Your instructions.
Below are entries. Copy exactly the lines running from the line that holds "絳守居園池有一青磚砌成的影壁" to the line that holds "durability of metastable", with both ends included.

Provided material.
-- Opening Marker --

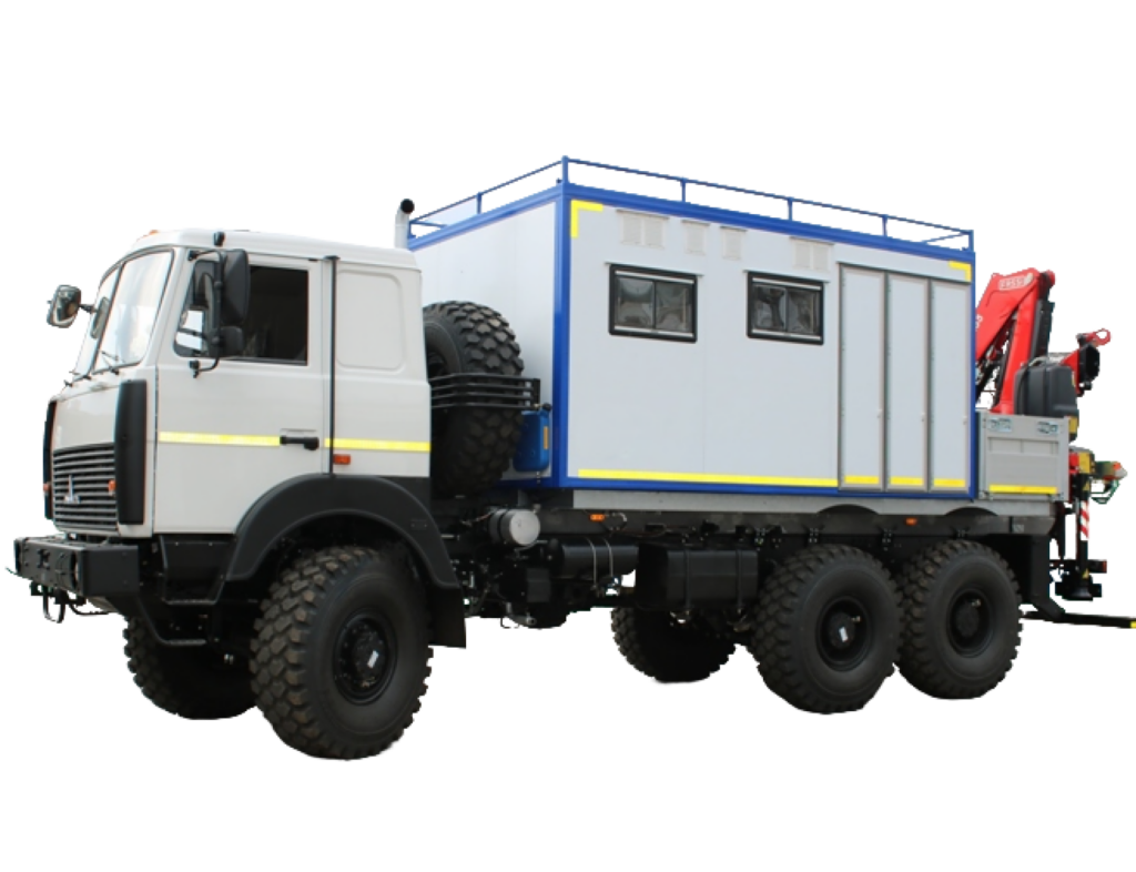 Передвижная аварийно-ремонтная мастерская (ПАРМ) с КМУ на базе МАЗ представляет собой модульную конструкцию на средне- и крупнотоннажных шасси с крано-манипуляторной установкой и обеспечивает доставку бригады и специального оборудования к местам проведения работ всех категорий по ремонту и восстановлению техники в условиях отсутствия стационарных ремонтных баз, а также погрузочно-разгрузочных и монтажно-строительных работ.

-- Closing Marker --
-- Opening Marker --

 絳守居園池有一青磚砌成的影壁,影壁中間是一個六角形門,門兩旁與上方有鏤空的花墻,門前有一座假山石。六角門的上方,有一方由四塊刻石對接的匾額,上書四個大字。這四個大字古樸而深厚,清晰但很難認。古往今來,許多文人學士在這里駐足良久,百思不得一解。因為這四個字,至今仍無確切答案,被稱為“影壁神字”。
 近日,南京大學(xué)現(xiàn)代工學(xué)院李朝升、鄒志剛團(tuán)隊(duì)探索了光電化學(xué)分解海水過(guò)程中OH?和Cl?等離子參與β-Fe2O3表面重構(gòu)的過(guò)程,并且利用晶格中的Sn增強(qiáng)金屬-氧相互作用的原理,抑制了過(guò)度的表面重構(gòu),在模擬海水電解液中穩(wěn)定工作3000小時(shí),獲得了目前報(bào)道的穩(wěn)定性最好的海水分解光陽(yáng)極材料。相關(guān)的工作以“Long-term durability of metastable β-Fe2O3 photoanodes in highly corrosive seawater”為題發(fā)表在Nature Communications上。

-- Closing Marker --

Written reply.
 絳守居園池有一青磚砌成的影壁,影壁中間是一個六角形門,門兩旁與上方有鏤空的花墻,門前有一座假山石。六角門的上方,有一方由四塊刻石對接的匾額,上書四個大字。這四個大字古樸而深厚,清晰但很難認。古往今來,許多文人學士在這里駐足良久,百思不得一解。因為這四個字,至今仍無確切答案,被稱為“影壁神字”。
 近日,南京大學(xué)現(xiàn)代工學(xué)院李朝升、鄒志剛團(tuán)隊(duì)探索了光電化學(xué)分解海水過(guò)程中OH?和Cl?等離子參與β-Fe2O3表面重構(gòu)的過(guò)程,并且利用晶格中的Sn增強(qiáng)金屬-氧相互作用的原理,抑制了過(guò)度的表面重構(gòu),在模擬海水電解液中穩(wěn)定工作3000小時(shí),獲得了目前報(bào)道的穩(wěn)定性最好的海水分解光陽(yáng)極材料。相關(guān)的工作以“Long-term durability of metastable β-Fe2O3 photoanodes in highly corrosive seawater”為題發(fā)表在Nature Communications上。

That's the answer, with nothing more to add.